*** Begin section ***
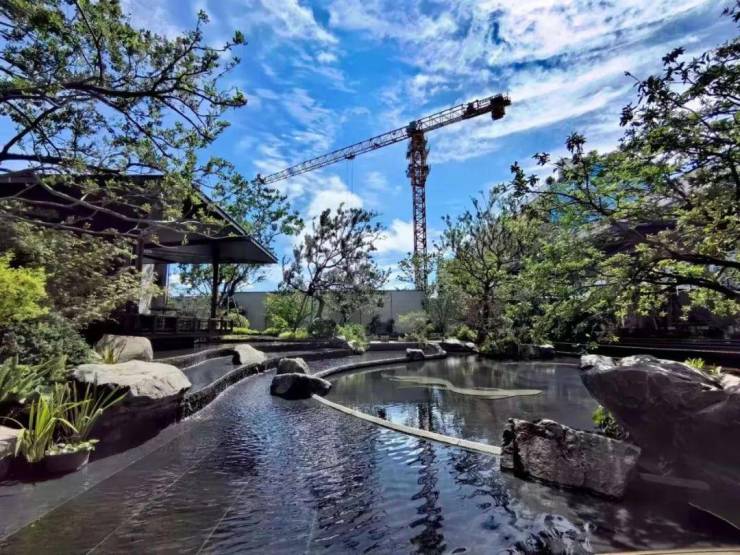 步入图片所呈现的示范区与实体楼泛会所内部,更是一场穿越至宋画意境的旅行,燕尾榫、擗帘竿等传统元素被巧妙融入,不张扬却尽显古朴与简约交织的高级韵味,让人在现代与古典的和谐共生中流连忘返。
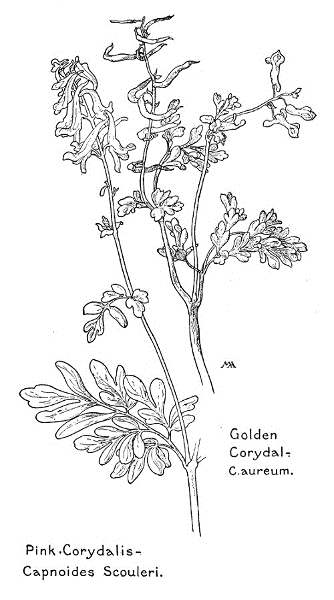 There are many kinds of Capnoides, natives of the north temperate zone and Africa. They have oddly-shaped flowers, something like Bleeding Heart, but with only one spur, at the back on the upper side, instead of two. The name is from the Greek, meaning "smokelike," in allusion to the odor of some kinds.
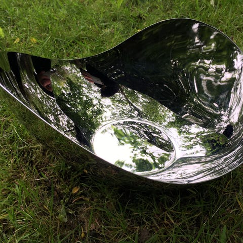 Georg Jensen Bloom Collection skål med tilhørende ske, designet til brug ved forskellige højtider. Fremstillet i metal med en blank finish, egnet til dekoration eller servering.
*** End section ***
*** Begin section ***
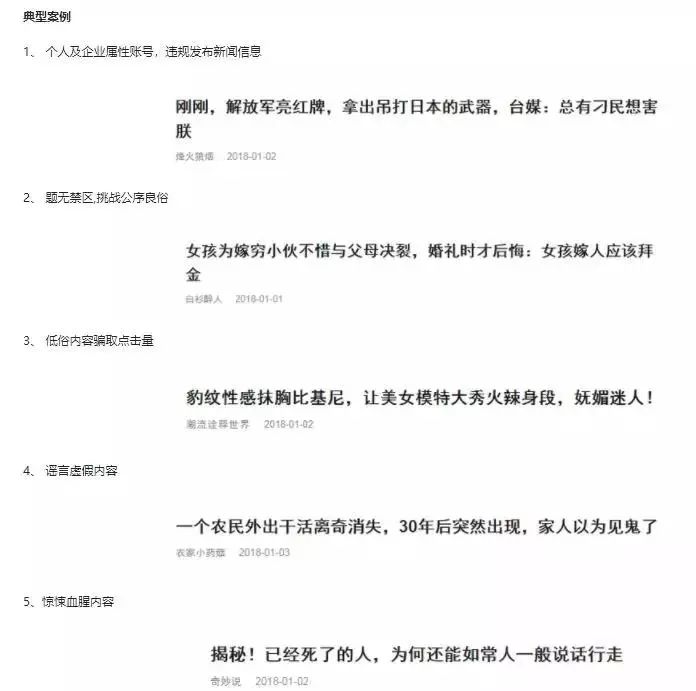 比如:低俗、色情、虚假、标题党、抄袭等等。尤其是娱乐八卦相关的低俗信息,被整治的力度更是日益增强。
*** End section ***
Your copy should hold the lines from the one with "步入图片所呈现的示范区与实体" up to and including the one with "Georg Jensen Bloom", exactly as in the data above, and no pictures.

Task output:
 步入图片所呈现的示范区与实体楼泛会所内部,更是一场穿越至宋画意境的旅行,燕尾榫、擗帘竿等传统元素被巧妙融入,不张扬却尽显古朴与简约交织的高级韵味,让人在现代与古典的和谐共生中流连忘返。
 There are many kinds of Capnoides, natives of the north temperate zone and Africa. They have oddly-shaped flowers, something like Bleeding Heart, but with only one spur, at the back on the upper side, instead of two. The name is from the Greek, meaning "smokelike," in allusion to the odor of some kinds.
 Georg Jensen Bloom Collection skål med tilhørende ske, designet til brug ved forskellige højtider. Fremstillet i metal med en blank finish, egnet til dekoration eller servering.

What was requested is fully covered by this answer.